The intermittent nature of filmic narrators and the relative autonomy of the image with respect to them work against their control of the textual point of view over the narrated events. In most internally narrated films, the occasional presence of the narrator does not prevent the text from showing the action from the point of view of other characters or from an external point of view, or even from showing a part of the story to which the narrator cannot possibly have access. Film spectators are well accustomed to the convention and do not generally notice the inconsistency. My foregoing description of Bridget Jones's Diary's narrator suggests that the film may be an exception in this respect because of the much closer control that it allows the narrating voice over the image track. However, I have been referring here mostly to the first ten minutes or so of the film and, although Bridget-narrator continues to appear frequently, as the narrative develops her interventions become less constant and her control of the story slackens somewhat, allowing the spectator to settle into a more conventional filmic narrative.
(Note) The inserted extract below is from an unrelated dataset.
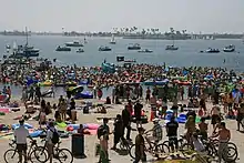 With the success of the restrictions put in place to prevent 2009's Floatopia 2, government officials made the temporary beach alcohol ban permanent in November 2009.[13] Officials also contemplated restricting beach access, an idea later made official, to retard the growth of an impending Floatopia 2010.[7][14][15] In response to the changes, attendees took to Del Playa Drive in block party fashion and renamed the event "Deltopia" after the street's name.[16][17] The event drew a smaller crowd in 2010, estimated at 8,000 attendees.[18] As officials placed restrictions on the event, attendees changed their plans and continued to grow the event with an estimated 8,000 to 10,000 attendees in 2012 and 15,000 to 18,000 in 2013.[19][20]

Her point of view continues to predominate both through narration and internal focalisation, but the careful spectator will notice breaches of this self-imposed norm quite early on in the film.2

 

An early scene shows Bridget's clumsy but rather funny presentation of a new book at a launch party under the close scrutiny of an onscreen audience which includes real-life authors Salman Rushdie and Lord Archer. For the first time in the film, the visual emphasis here is on Bridget not as subject but as object of the look, her speech working as a comic act which both amuses and embarrasses fictional and real spectators alike. The struggle for control of the narrative point of view between Bridget as narrator and the other characters, particularly Daniel and Mark Darcy (Colin Firth), as focalisers, is momentarily resolved when, after the speech, Bridget stands alone by the bar and we see her briefly from Mark's point of view, while he talks to other people. He is about to go towards her and rescue her from her dejection when Daniel beats him to it and suggests having dinner together. As they leave the party room, we stay with Mark for a second or two, sharing his perspective on them, an intense look which conveys his romantic interest in her, his hatred of Daniel, his disappointment that she prefers the other man and his worry that she will be betrayed. This is a look that Bridget has had no access to and perhaps the first important narrative element that reveals something not controlled by the narrator.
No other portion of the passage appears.